Thanks, Anthony! That makes sense. La Flesche 1932 has the same word.
It's very nice to see that it is attested at such an early date! Can you
tell us anything about the historical context of these sources, and the
date of that "very early Osage publication"? That would be very
interesting!
I think we could probably reconstruct the 'book' sequence as follows:
Dhegihan *gre'ze/gre'se, 'striped'
19th century Osage wagre'se, 'striped thing', 'book'
19th century Omaha waba'greze, 'thing striped by pushing/writing', 'paper
with writing', 'book'
20th century Omaha wabra'gase, 'book' (after metathesis)
20th century Omaha wagra'base, 'book' (after metathesis)
Dorsey and Fletcher & La Flesche both have the waba'greze term. The
Stabler-Swetland dictionary (1970s) has both the the wabra'gase and
wagra'base terms for both 'book' and 'paper'. It also includes about three
compounds that use waba'greze, though these may be coming from Fletcher &
La Flesche. I believe our elder speaker today has come down firmly in
favor of wagra'base, at least for 'book'.
Dorsey records a different term for 'book' from Ponka: waba'g^u. This
would mean 'a thing written', based on bag^u', 'to write'.

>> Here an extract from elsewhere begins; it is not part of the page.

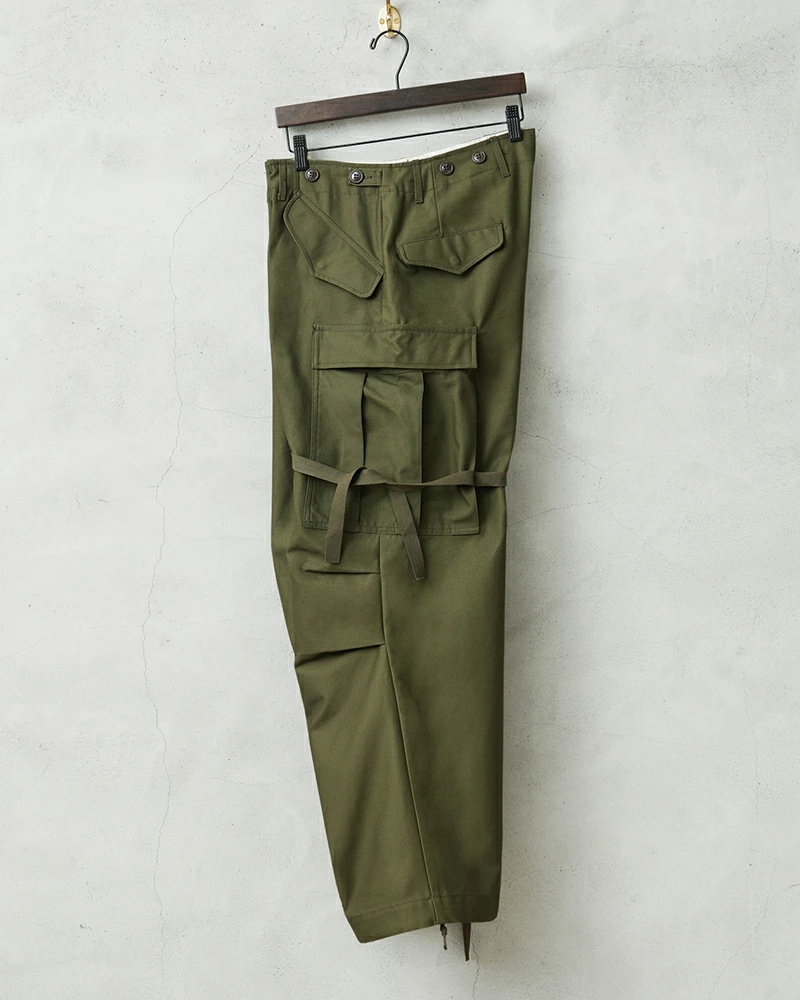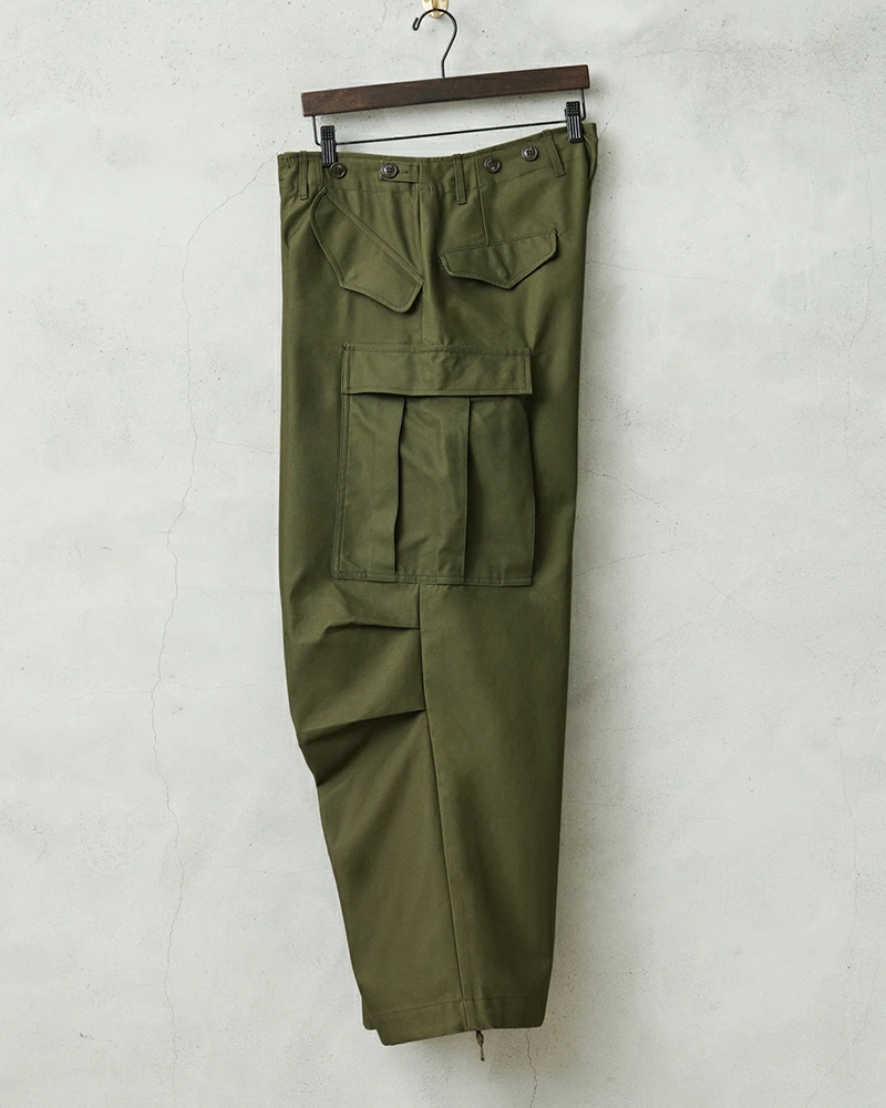 ウエスト部分には特徴的なタブ式のアジャスターを採用し、金属バックルを用いないシンプルな構造は、後年のジャングルファティーグパンツにも通じるミニマルな実用性を実現している。

It looks like the Omaha term may be based on the Osage term, but loosely,
at a time when the word was more descriptive than nominal. Ponka took a
different route, but used the same term for 'write' as the Omaha. La
Flesche (1932) does not seem to record a word for 'write' from Osage. The
Dakota forms for 'write' (Williamson) are entirely different.
The term must have come into Omaha at least by their Bellevue period
(~1845-1855), when they were living next to a major wagon train terminus
and their children were being educated by missionaries. Perhaps it came in
earlier, even as early as the late 18th century, as a reference to traders'
ledger books. It would be interesting to know the Iowa-Oto term(s), as the
latter share with the Omaha a lot of acculturation terms that probably came
in during the Bellevue period. The Kaw term would also be nice to know.
In any case, this word supports what we seemed to find with bru'ga/gru'ba,
that the brVgV/grVbV alternation is a phenomenon of early 20th century
Omaha, and is presumably irrelevant to other Siouan languages.